§ PROVIDED INFORMATION

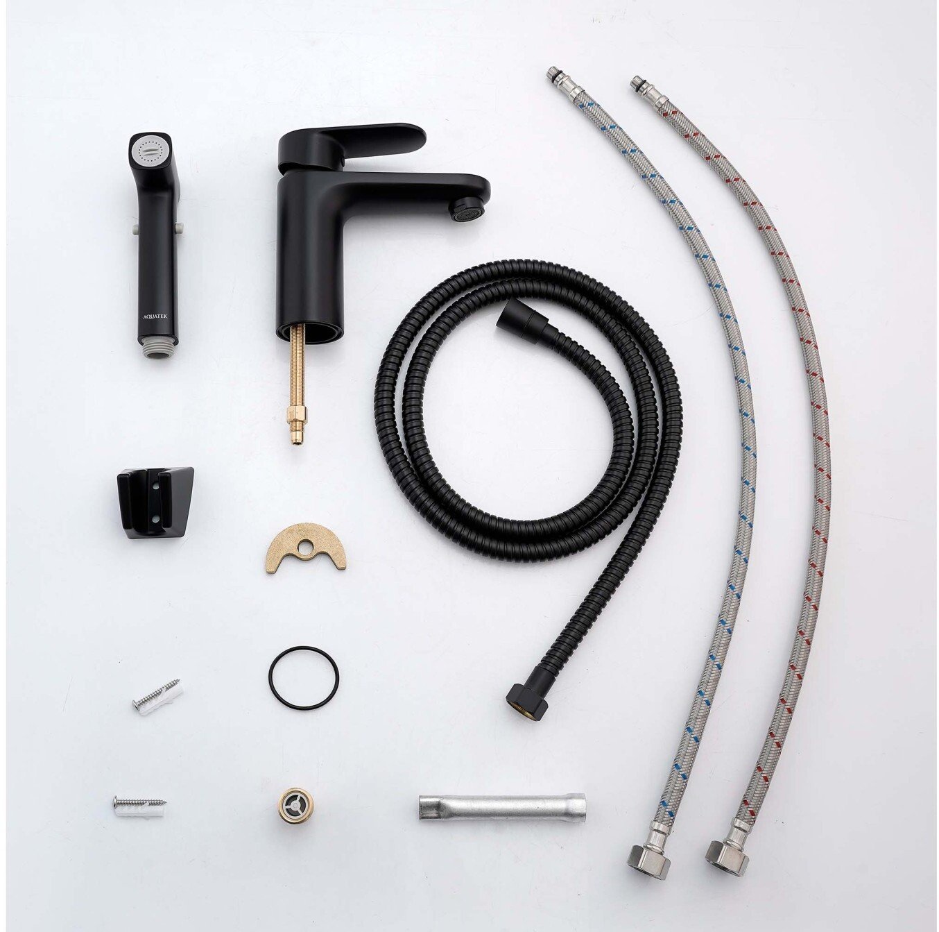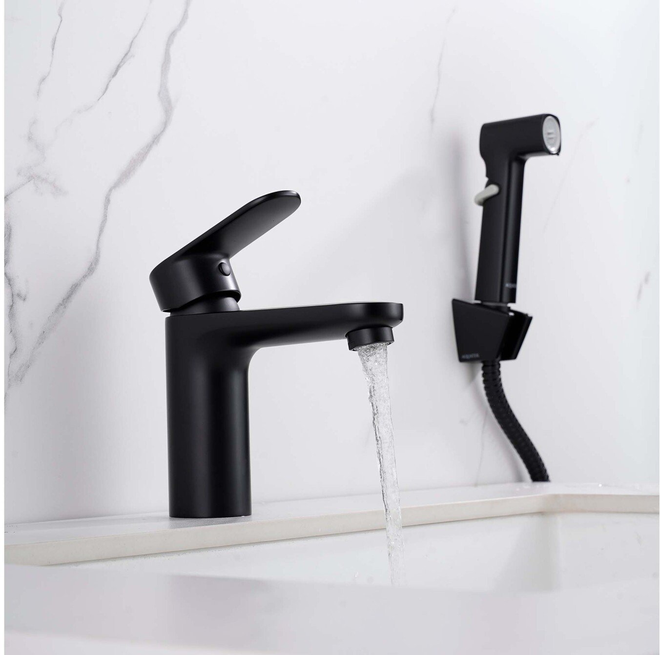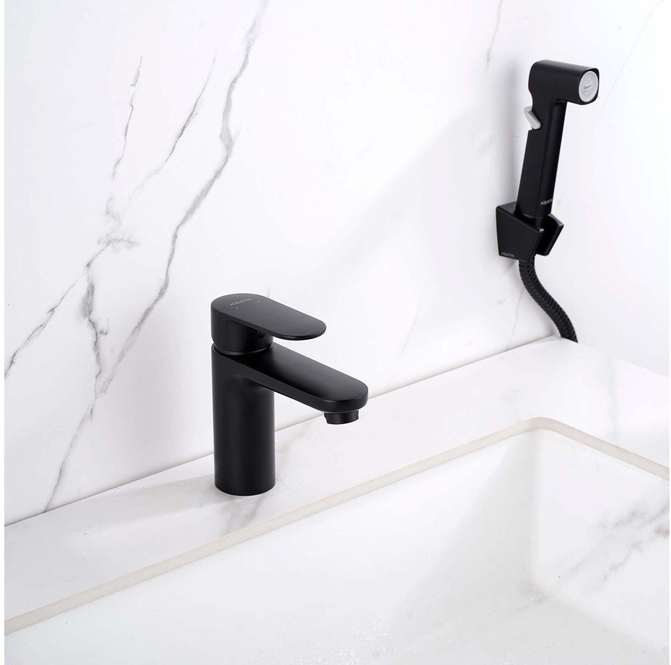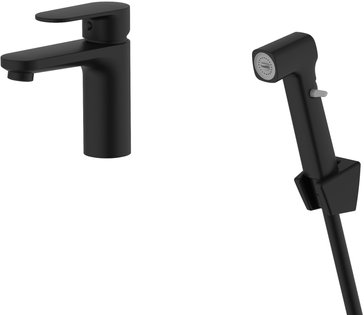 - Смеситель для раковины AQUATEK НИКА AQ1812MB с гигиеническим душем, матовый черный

---

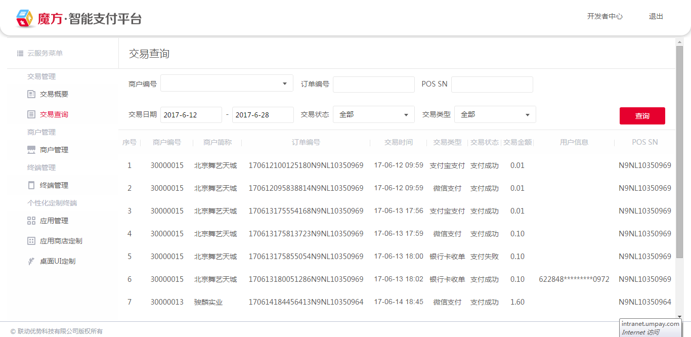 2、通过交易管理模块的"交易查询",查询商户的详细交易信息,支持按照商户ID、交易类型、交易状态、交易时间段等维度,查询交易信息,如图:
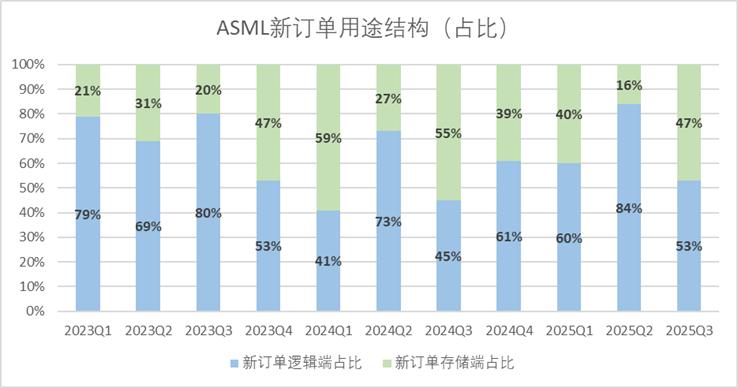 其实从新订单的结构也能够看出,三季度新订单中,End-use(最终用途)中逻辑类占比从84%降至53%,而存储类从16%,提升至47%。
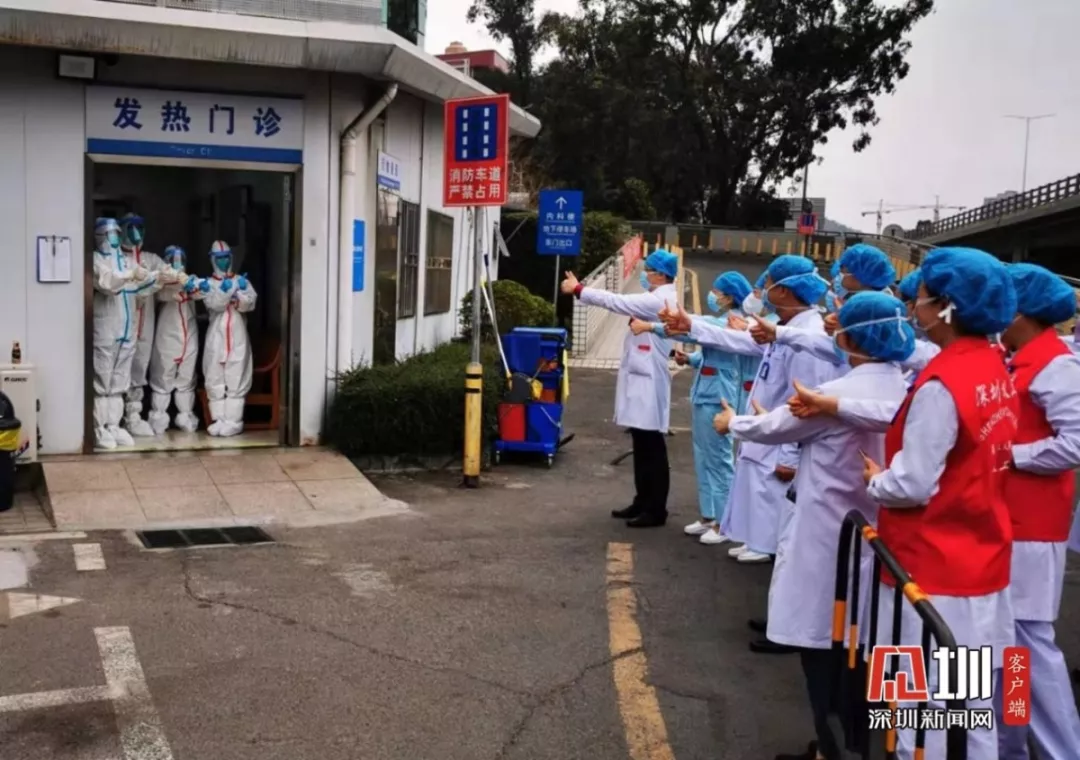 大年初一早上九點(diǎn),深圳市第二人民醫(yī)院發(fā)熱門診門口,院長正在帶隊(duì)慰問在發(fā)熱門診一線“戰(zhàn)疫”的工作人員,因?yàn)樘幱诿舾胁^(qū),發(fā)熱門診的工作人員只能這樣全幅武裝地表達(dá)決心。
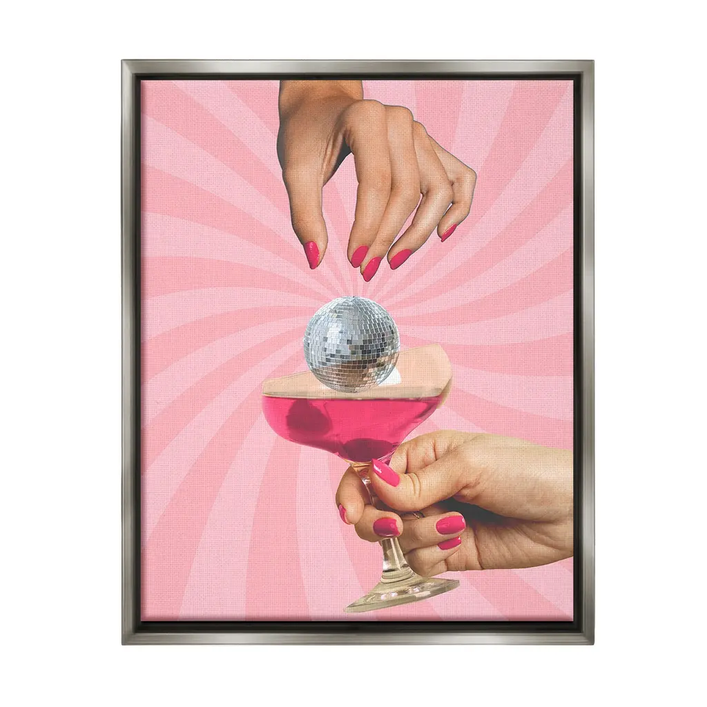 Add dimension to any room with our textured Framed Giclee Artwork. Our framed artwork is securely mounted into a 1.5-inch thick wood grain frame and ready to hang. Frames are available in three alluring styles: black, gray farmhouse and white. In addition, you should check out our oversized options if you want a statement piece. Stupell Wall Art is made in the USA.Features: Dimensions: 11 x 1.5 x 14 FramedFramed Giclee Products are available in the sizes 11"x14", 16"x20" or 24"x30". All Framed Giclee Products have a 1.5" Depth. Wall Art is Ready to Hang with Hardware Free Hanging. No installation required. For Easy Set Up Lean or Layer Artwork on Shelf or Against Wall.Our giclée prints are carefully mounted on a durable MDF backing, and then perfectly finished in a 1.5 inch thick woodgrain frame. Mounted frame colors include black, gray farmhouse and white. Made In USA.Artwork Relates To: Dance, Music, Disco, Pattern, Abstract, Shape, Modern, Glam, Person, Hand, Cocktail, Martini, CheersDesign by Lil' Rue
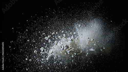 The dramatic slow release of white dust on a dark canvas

---

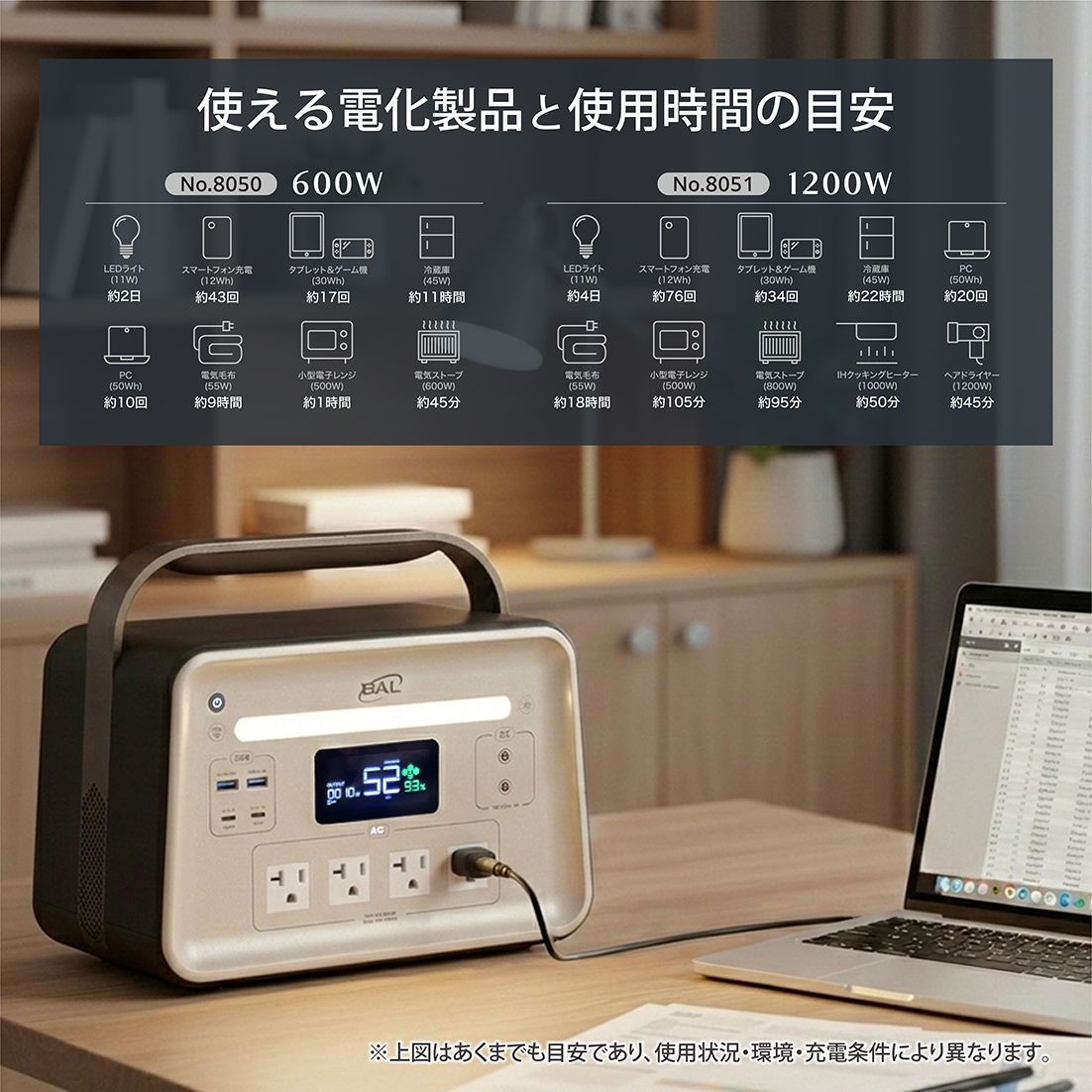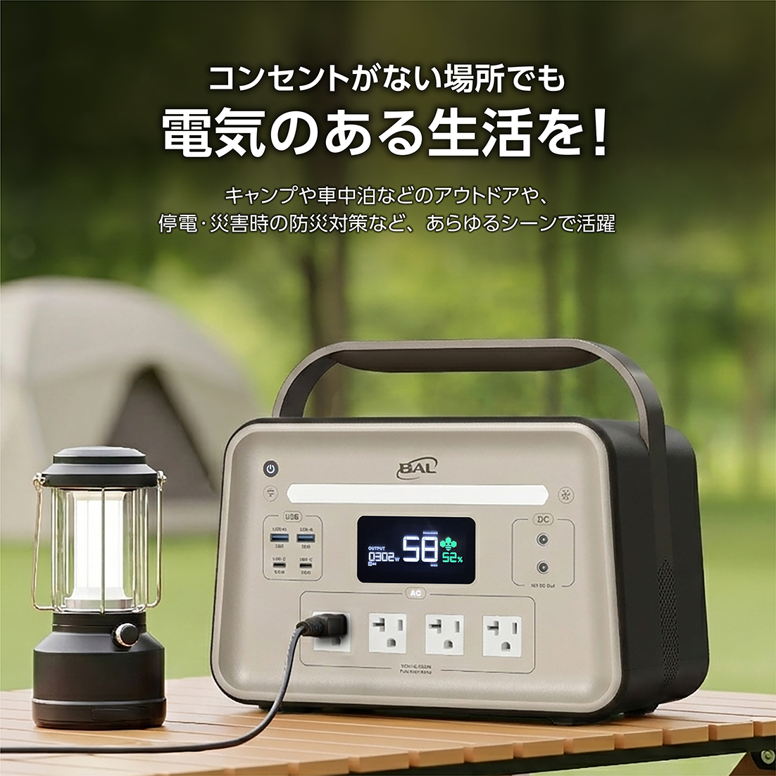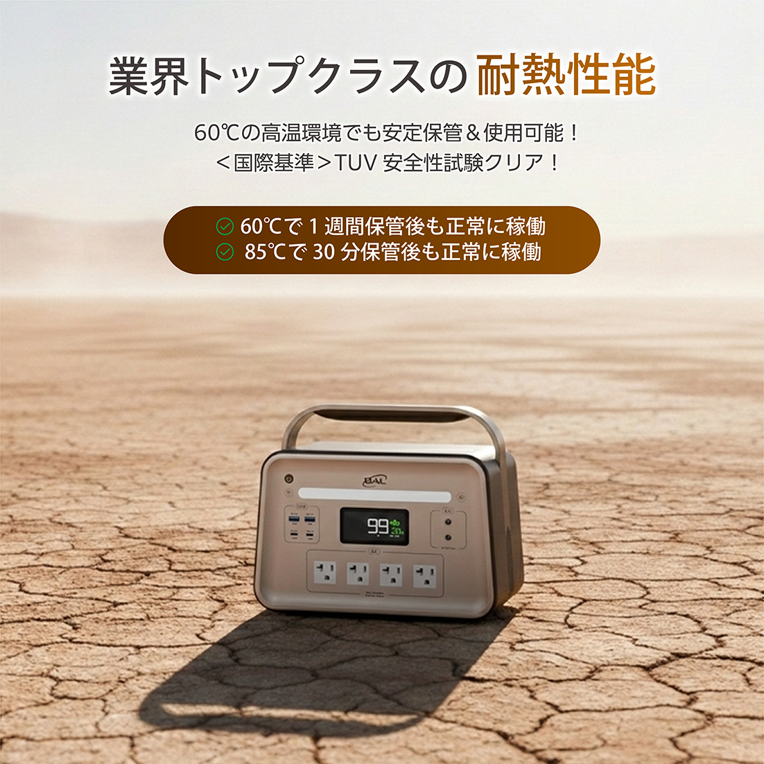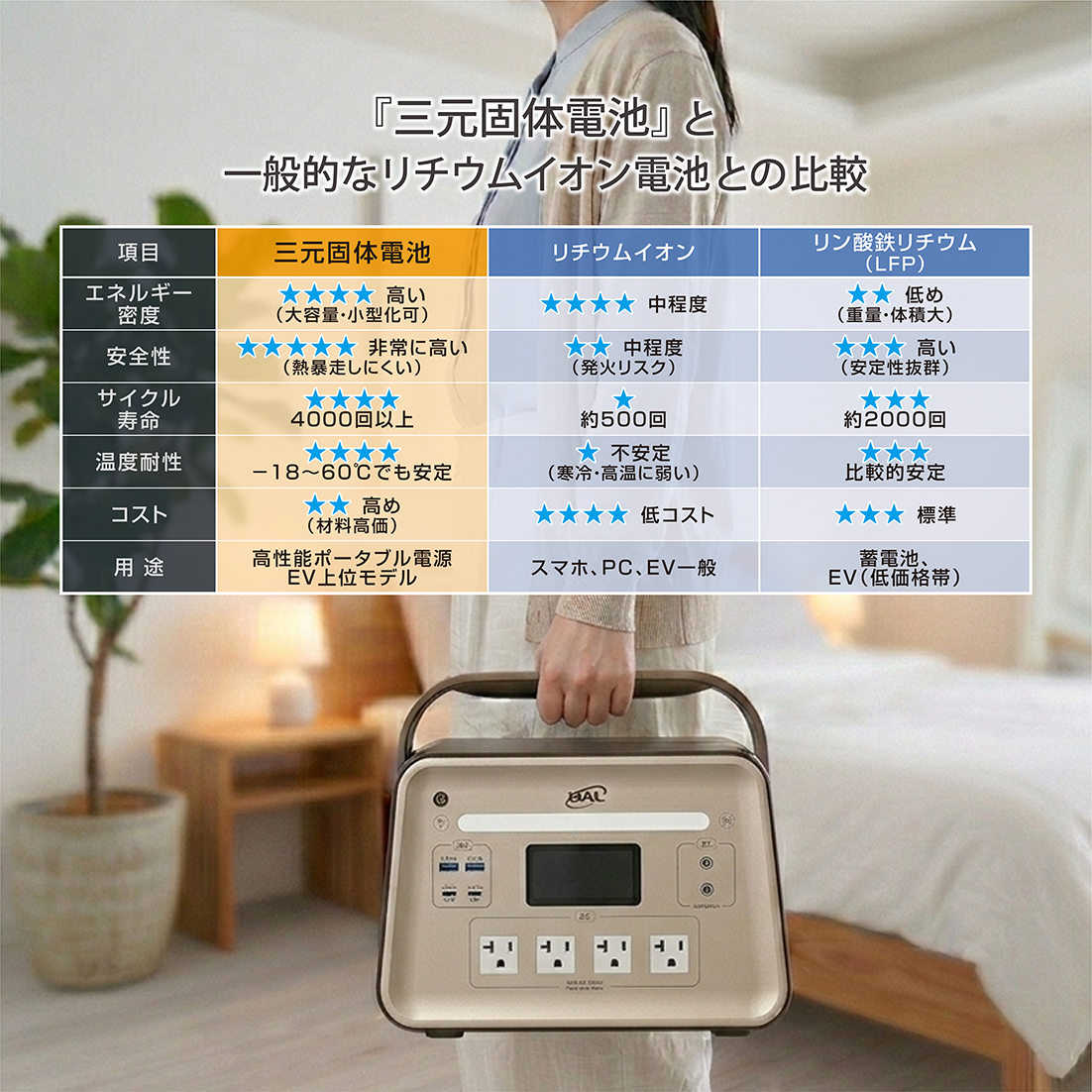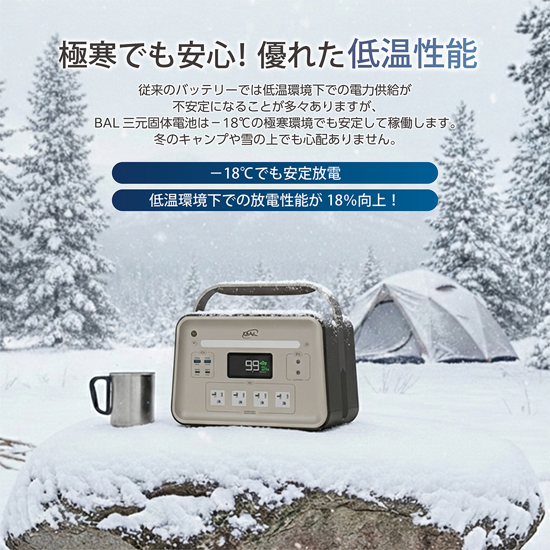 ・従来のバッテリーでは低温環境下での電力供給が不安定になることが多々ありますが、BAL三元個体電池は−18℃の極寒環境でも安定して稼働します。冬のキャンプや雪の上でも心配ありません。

§ EXERCISE
Among the entries above, locate the line with "Add dimension to" and the line with "The dramatic slow". Give those two lines and all lines between them again, exactly, leaving out the pictures.

§ FINISHED TASK
 Add dimension to any room with our textured Framed Giclee Artwork. Our framed artwork is securely mounted into a 1.5-inch thick wood grain frame and ready to hang. Frames are available in three alluring styles: black, gray farmhouse and white. In addition, you should check out our oversized options if you want a statement piece. Stupell Wall Art is made in the USA.Features: Dimensions: 11 x 1.5 x 14 FramedFramed Giclee Products are available in the sizes 11"x14", 16"x20" or 24"x30". All Framed Giclee Products have a 1.5" Depth. Wall Art is Ready to Hang with Hardware Free Hanging. No installation required. For Easy Set Up Lean or Layer Artwork on Shelf or Against Wall.Our giclée prints are carefully mounted on a durable MDF backing, and then perfectly finished in a 1.5 inch thick woodgrain frame. Mounted frame colors include black, gray farmhouse and white. Made In USA.Artwork Relates To: Dance, Music, Disco, Pattern, Abstract, Shape, Modern, Glam, Person, Hand, Cocktail, Martini, CheersDesign by Lil' Rue
 The dramatic slow release of white dust on a dark canvas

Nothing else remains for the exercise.